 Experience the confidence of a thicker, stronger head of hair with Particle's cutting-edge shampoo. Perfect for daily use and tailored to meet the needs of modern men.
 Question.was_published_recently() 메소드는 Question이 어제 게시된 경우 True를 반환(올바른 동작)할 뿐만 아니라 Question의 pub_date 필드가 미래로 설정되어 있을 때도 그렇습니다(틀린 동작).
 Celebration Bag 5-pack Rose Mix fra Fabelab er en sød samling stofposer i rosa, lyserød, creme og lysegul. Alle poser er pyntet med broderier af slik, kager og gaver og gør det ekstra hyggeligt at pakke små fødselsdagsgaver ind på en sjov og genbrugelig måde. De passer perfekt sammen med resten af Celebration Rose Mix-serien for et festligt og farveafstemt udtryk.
...
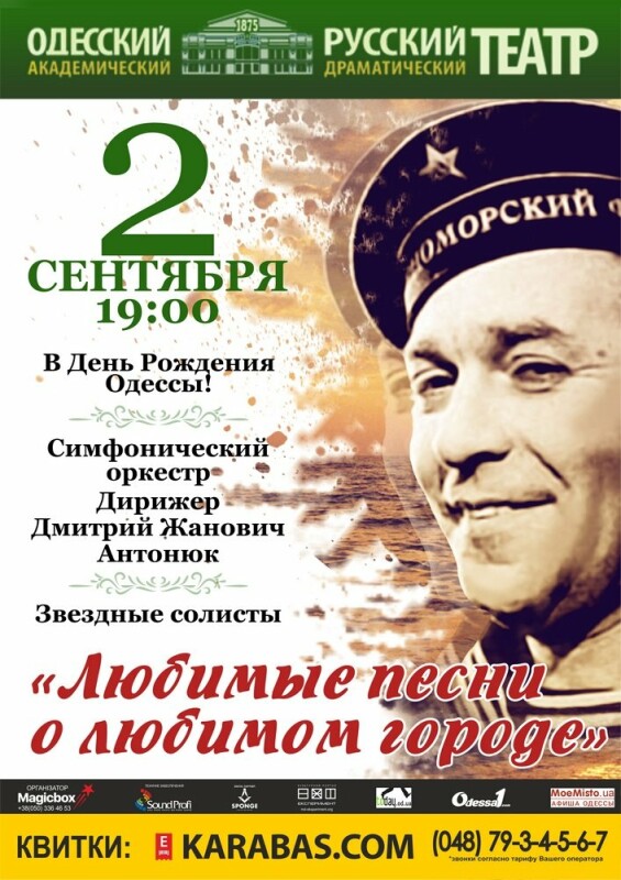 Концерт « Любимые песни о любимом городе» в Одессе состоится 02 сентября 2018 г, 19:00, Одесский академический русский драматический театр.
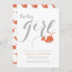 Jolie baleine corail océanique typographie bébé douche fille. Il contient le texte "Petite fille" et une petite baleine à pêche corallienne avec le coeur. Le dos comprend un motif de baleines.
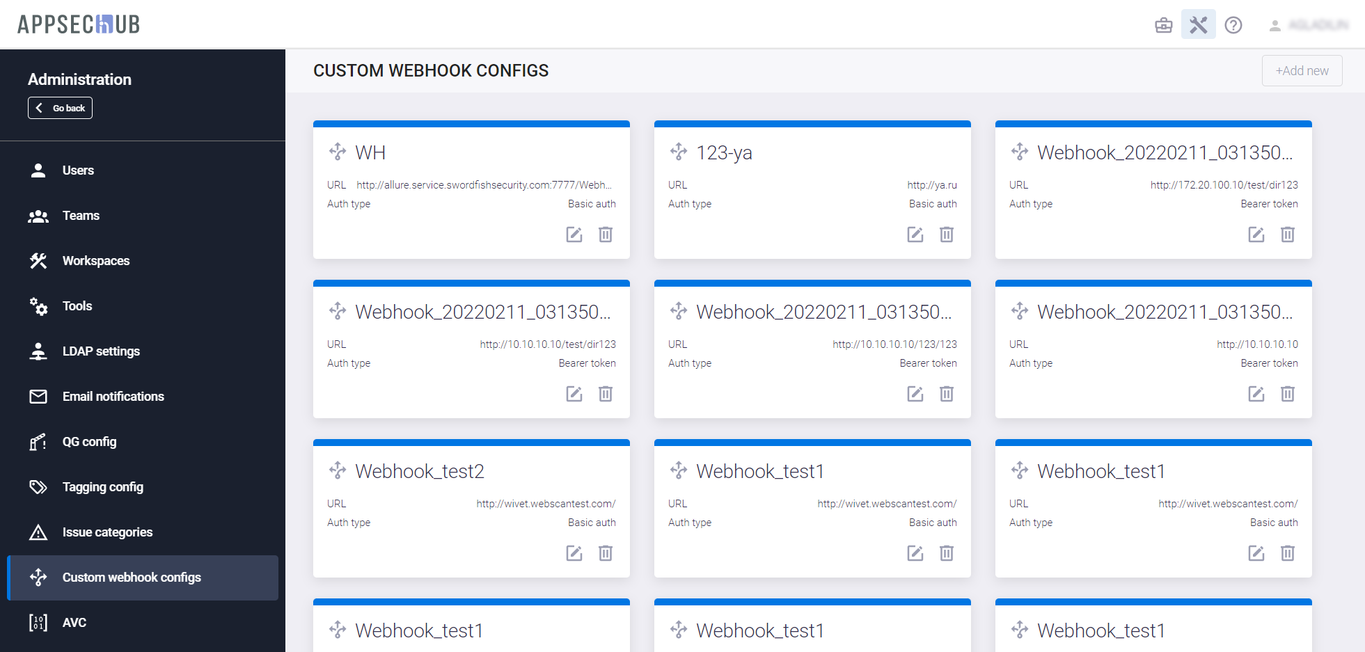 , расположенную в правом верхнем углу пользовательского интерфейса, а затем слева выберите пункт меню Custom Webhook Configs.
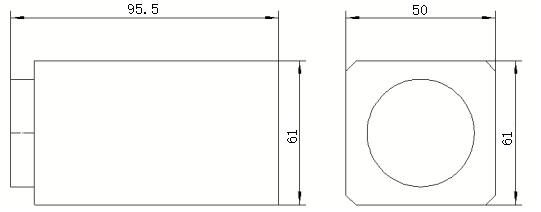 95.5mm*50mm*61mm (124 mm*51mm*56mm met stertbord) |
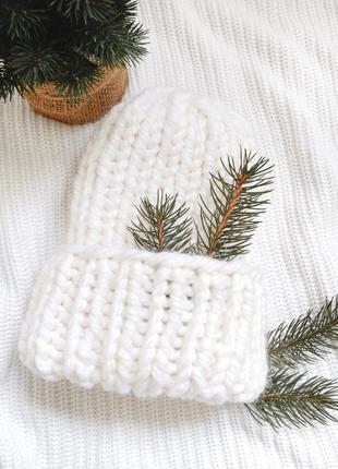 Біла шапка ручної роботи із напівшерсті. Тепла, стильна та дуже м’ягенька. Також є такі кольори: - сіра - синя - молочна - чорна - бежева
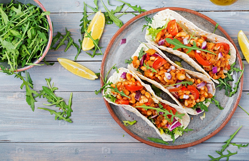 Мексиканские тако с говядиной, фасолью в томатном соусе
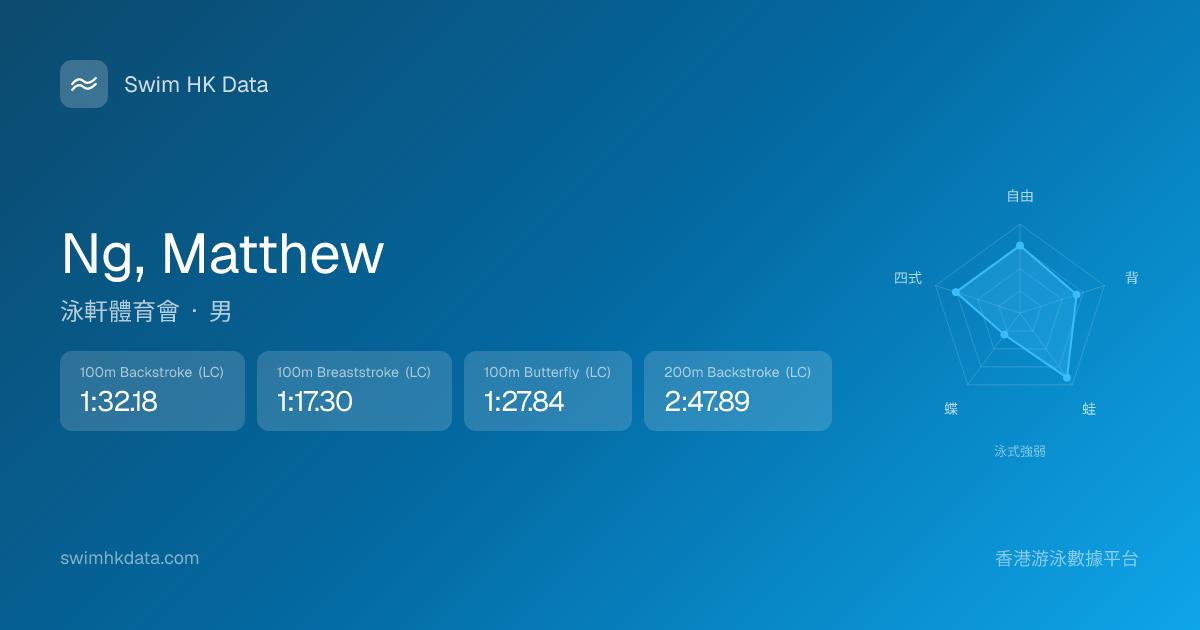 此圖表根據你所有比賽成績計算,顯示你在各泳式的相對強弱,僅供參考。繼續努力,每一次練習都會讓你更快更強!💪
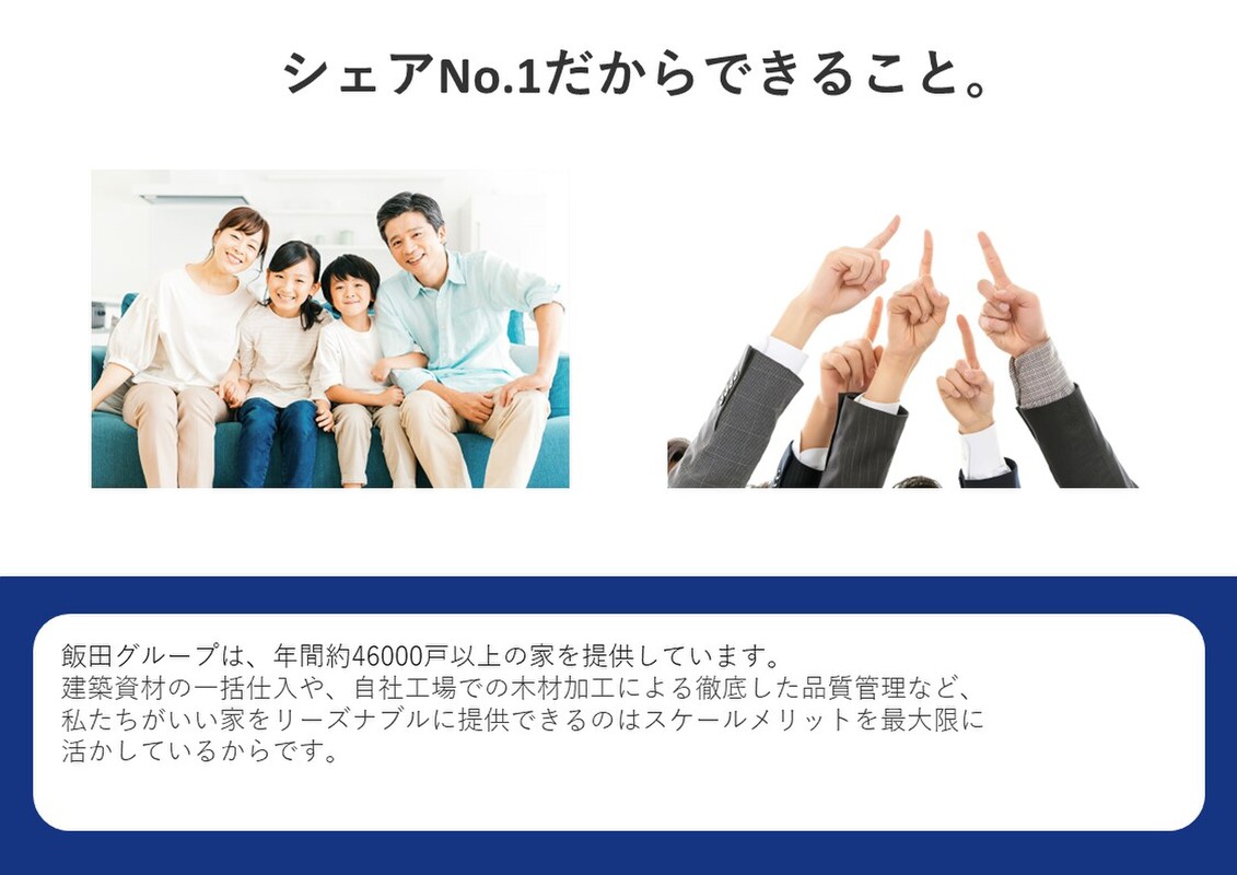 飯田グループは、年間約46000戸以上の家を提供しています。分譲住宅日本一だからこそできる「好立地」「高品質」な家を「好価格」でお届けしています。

- **Activity**:
Return exactly the lines that appear in the data above between the line containing "Jolie baleine corail" and the line containing "飯田グループは、年間約460", both of which are included, and leave the pictures out.

- **Reply**:
 Jolie baleine corail océanique typographie bébé douche fille. Il contient le texte "Petite fille" et une petite baleine à pêche corallienne avec le coeur. Le dos comprend un motif de baleines.
 , расположенную в правом верхнем углу пользовательского интерфейса, а затем слева выберите пункт меню Custom Webhook Configs.
 95.5mm*50mm*61mm (124 mm*51mm*56mm met stertbord) |
 Біла шапка ручної роботи із напівшерсті. Тепла, стильна та дуже м’ягенька. Також є такі кольори: - сіра - синя - молочна - чорна - бежева
 Мексиканские тако с говядиной, фасолью в томатном соусе
 此圖表根據你所有比賽成績計算,顯示你在各泳式的相對強弱,僅供參考。繼續努力,每一次練習都會讓你更快更強!💪
 飯田グループは、年間約46000戸以上の家を提供しています。分譲住宅日本一だからこそできる「好立地」「高品質」な家を「好価格」でお届けしています。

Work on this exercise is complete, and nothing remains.